Just to be clear: we're talking about the templating language used to
generate XML out of (usually flowscript) data, right?
yes
I'm asking (although I know ;-) because the requirements of a *final
presentation" templating system might be fairly different - at present
the mainstream way (AFAIK) is to use XSLT to generate HTML, WML or
whatever, but for many people "templating" in the context of a webapp
means roughly "edit pages with DreamWeaver, put some special codes and
let the templating engine insert the data".
Maybe we should call JXTemplate our "XML templating engine" to avoid any
confusion.
good idea.
...So, how do we continue to meet all these requirements?
A.) Rewrite/refactor JXTemplate
- break it up in smaller, easier understandable/maintainable pieces
- deprecate #{} syntax and make expression languages plugable as
Sylvain suggested
- investigate the performance problems (I guess there are only
problems if macros are used)
- add the missing things from above...
Sounds good if people are willing to do it.
;-)
at least we have a common understanding.
Don't know enough about the other options, but I like this idea:
...In my opinion we should write JXTemplate 2.0 which would be from
the user's POV as similar as possible to 1.0.
Technically this could be a complete rewrite (use garbage, tempo or
really from scratch) or at least a major refactoring...

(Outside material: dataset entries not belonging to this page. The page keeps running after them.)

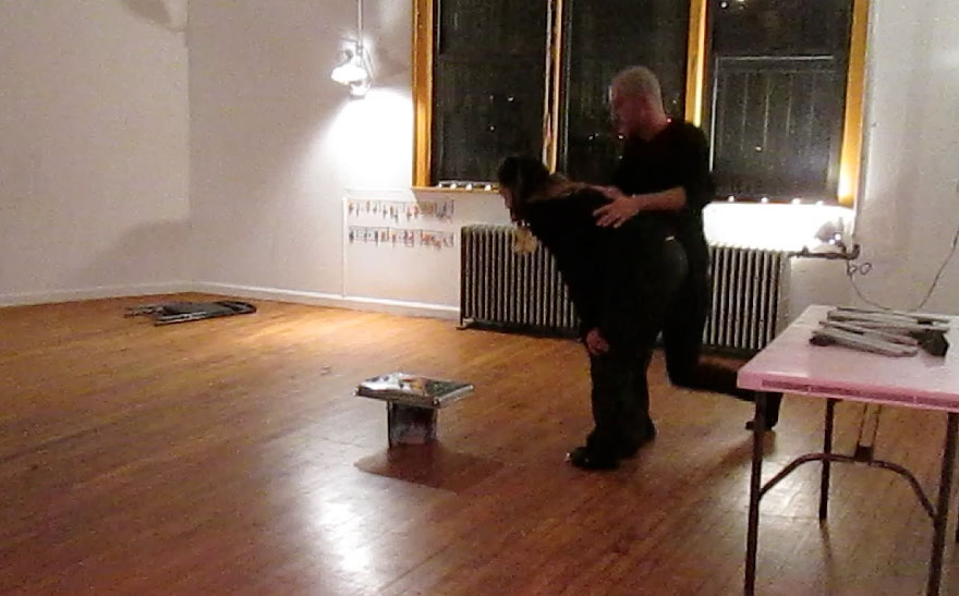 One performer sings a “found” or composed score. The other performer plays a different “found” or composed score on the body of the first performer.
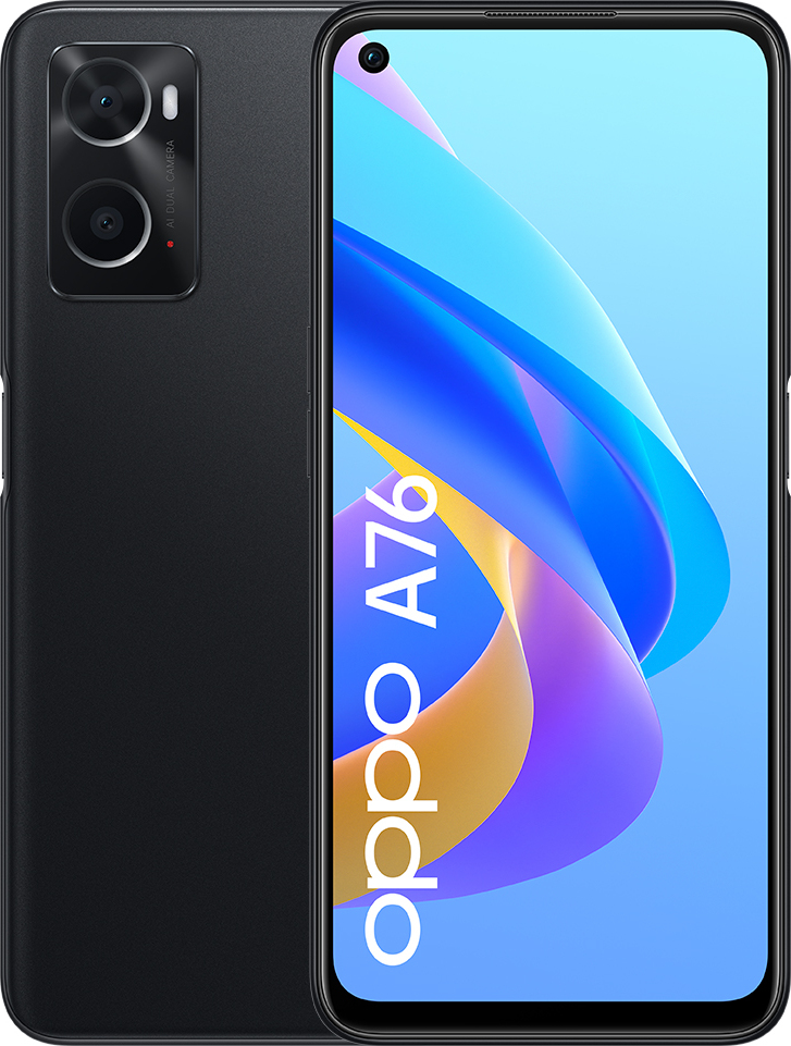 Calidad duradera de OPPO: El A76 resiste los arañazos y las salpicaduras de agua para conservar su aspecto impecable. Sea cual sea el escenario, el A76 está preparado.
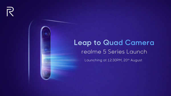 अब कंपनी 20 अगस्त को Realme 5 Series को लॉन्च करने जा रही है। इस सीरीज में कंपनी दो स्मार्टफोन लॉन्च करेगी। इसमें Realme 5 और Realme 5 Pro को लॉन्च किया जाएगा। इन दोनों स्मार्टफोन की तैयारी शुरू हो गई है। कंपनी ने इन नए स्मार्टफोन के बारे में जानकारी देते हुए कहा है कि कंपनी 20 अगस्त को दोपहर 12:30 बजे एक इवेंट में इस स्मार्टफोन सीरीज को लॉन्च करेगी।
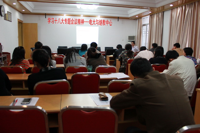 11月12日下午,电大与继教中心吴发水副主任作为福州市理论基地的一位专家,为本部门员工做了首场宣讲,与大家共同解读学习十八大胡锦涛总书记的工作报告,帮助大家深刻领会十八大提出的重大理论观点、重大战略思想、重大工作部署。悦人眼球的PPT、精彩简捷的讲解,无不鼓舞人心、催人奋进,大家认真倾听,并做好相关笔记。几位党员还就学习十八大精神作了发言,谈了学习体会,大家一致认为,要在思想上高度重视,把好学习关;更要在行动上立足本职,做好服务事。
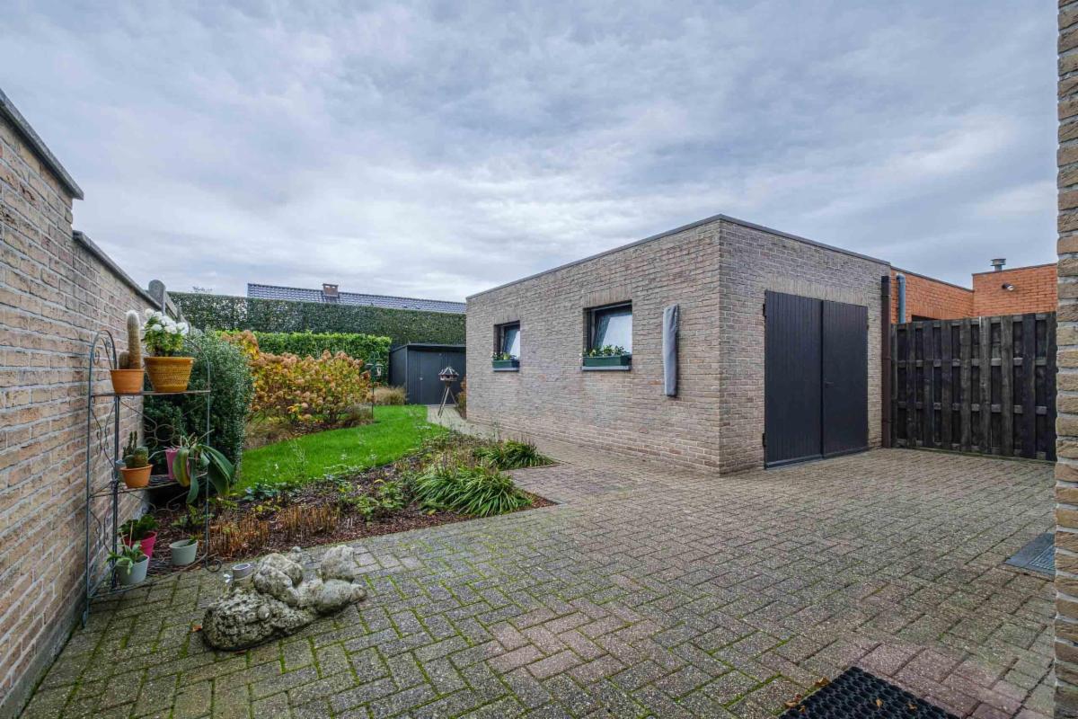 •Buiten: Volledig omheinde, zonnige tuin met overdekt terras, tuinberging en een afzonderlijke garage met recent vernieuwde roofing.

It would be (of course) good to include automated tests as well, using
anteater for example, as this is a critical component
yes, very important
Calling it JXTemplate is better for marketing reasons because it shows
more stability than telling our user base that they should use
something completly different in the future. Calling it differently
gives another impression than incrementing version numbers.